## Collected material
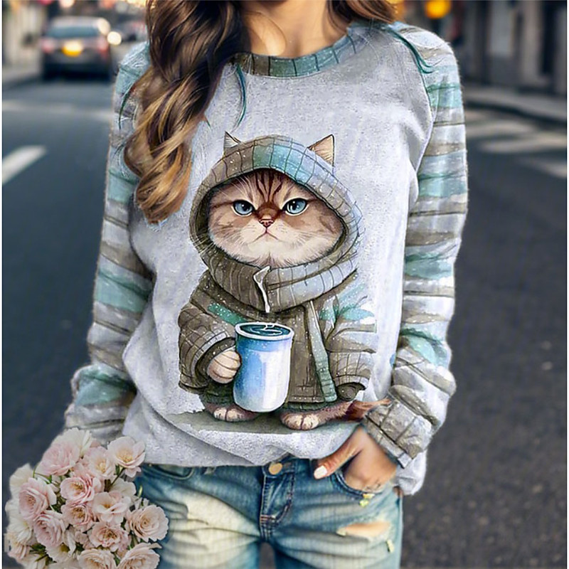 Women's Pullover Graphic Cat Casual Long Sleeve Crew Neck Regular Tops Casual Blue Pink Orange Green Spring Fall Winter
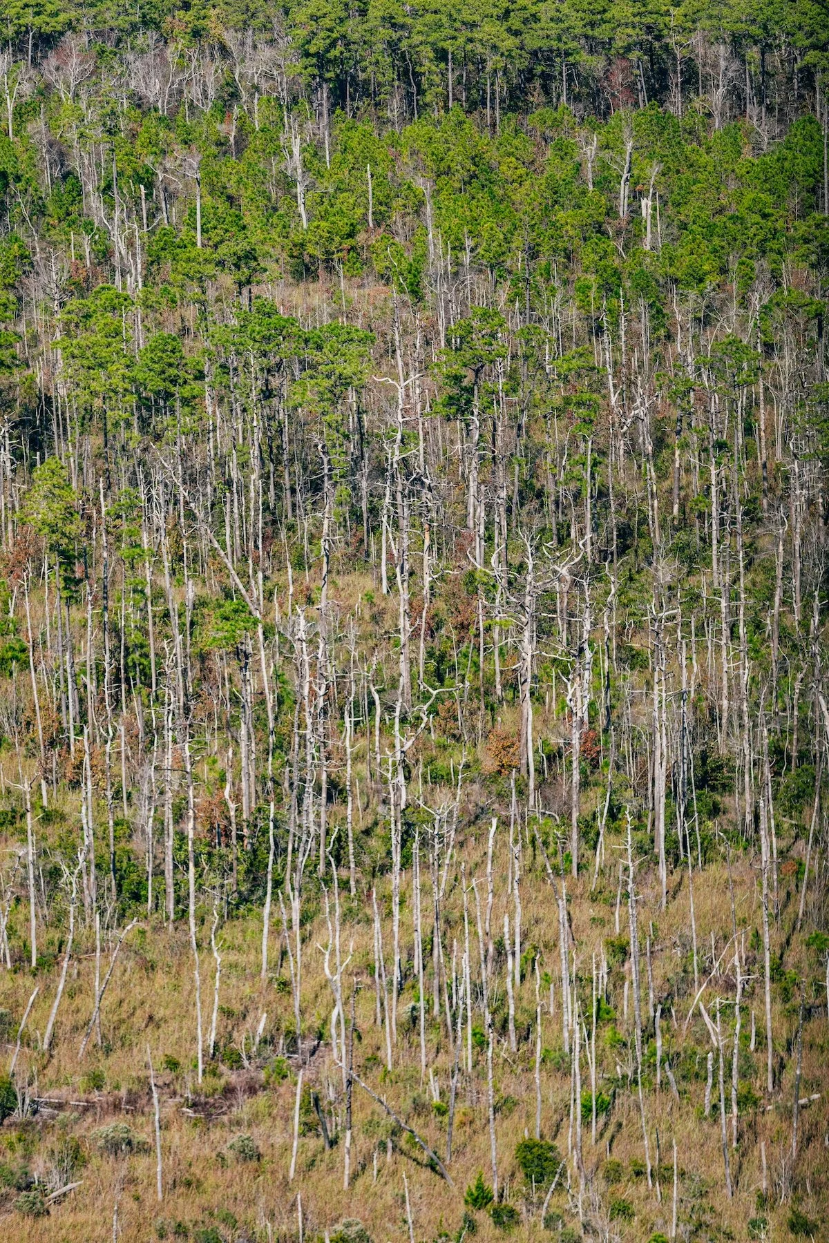As saltwater moves in, the trees can no longer survive, leaving behind stands of dead, gray trunks and stumps.
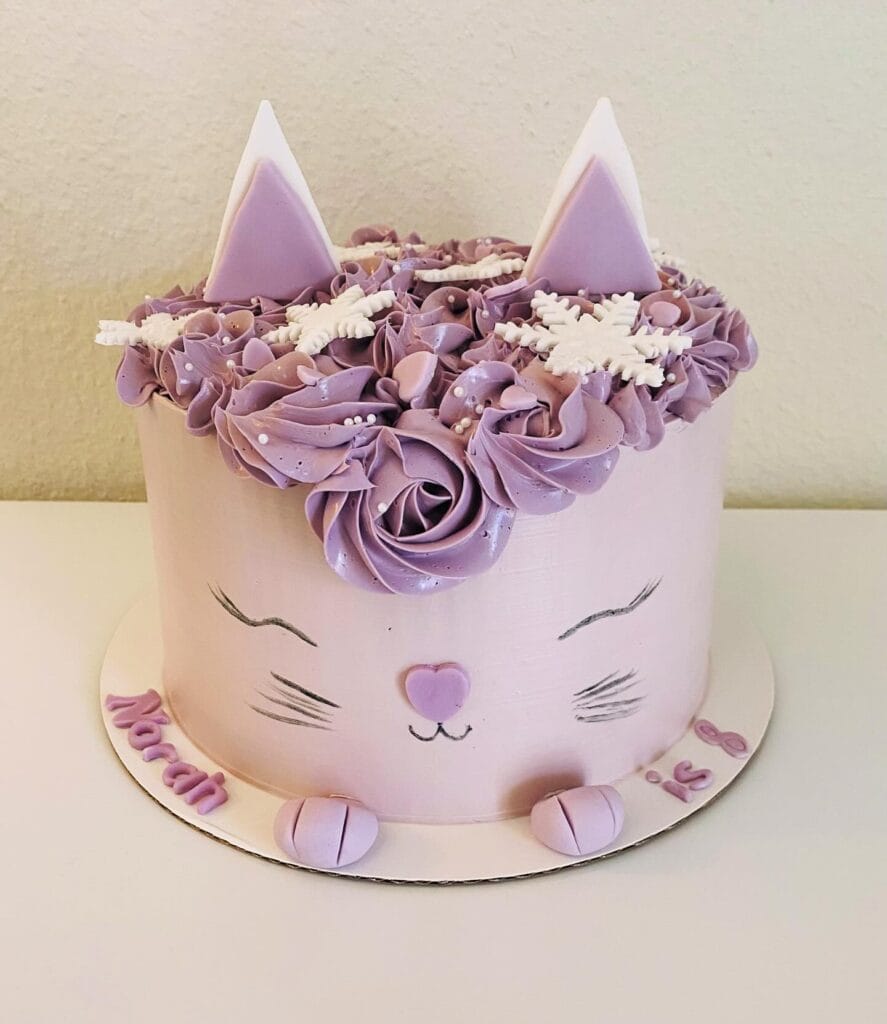 #19: Lavender Dream Cat Cake Topper with Buttercream Roses and Fondant Ears
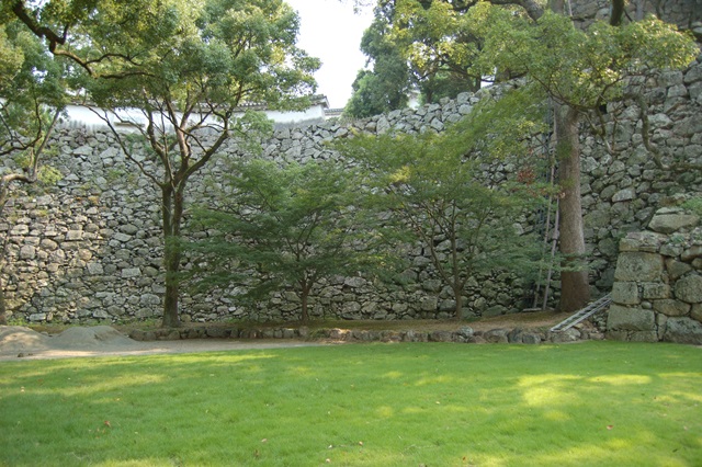 ただ本丸、二の丸、備前丸、上山里、東の帯郭や井戸郭などの主郭部分は、すでに秀吉の築城時に築かれていたのではないかと考えられており、それを最も顕著に表しているのが石垣(石塁)である。具体的には、菱の門東方土塀下の巨石積石垣や上山里下段、北腰曲輪、西北腰曲輪、乾曲輪の石垣などで、石材の大きさや積み方から見て秀吉時代の古式石垣だと考えられている。

## What needs to be done
Transcribe exactly the line that contains "As saltwater moves" and each line after it through the end of the listing. Leave out the pictures.

## Result
As saltwater moves in, the trees can no longer survive, leaving behind stands of dead, gray trunks and stumps.
 #19: Lavender Dream Cat Cake Topper with Buttercream Roses and Fondant Ears
 ただ本丸、二の丸、備前丸、上山里、東の帯郭や井戸郭などの主郭部分は、すでに秀吉の築城時に築かれていたのではないかと考えられており、それを最も顕著に表しているのが石垣(石塁)である。具体的には、菱の門東方土塀下の巨石積石垣や上山里下段、北腰曲輪、西北腰曲輪、乾曲輪の石垣などで、石材の大きさや積み方から見て秀吉時代の古式石垣だと考えられている。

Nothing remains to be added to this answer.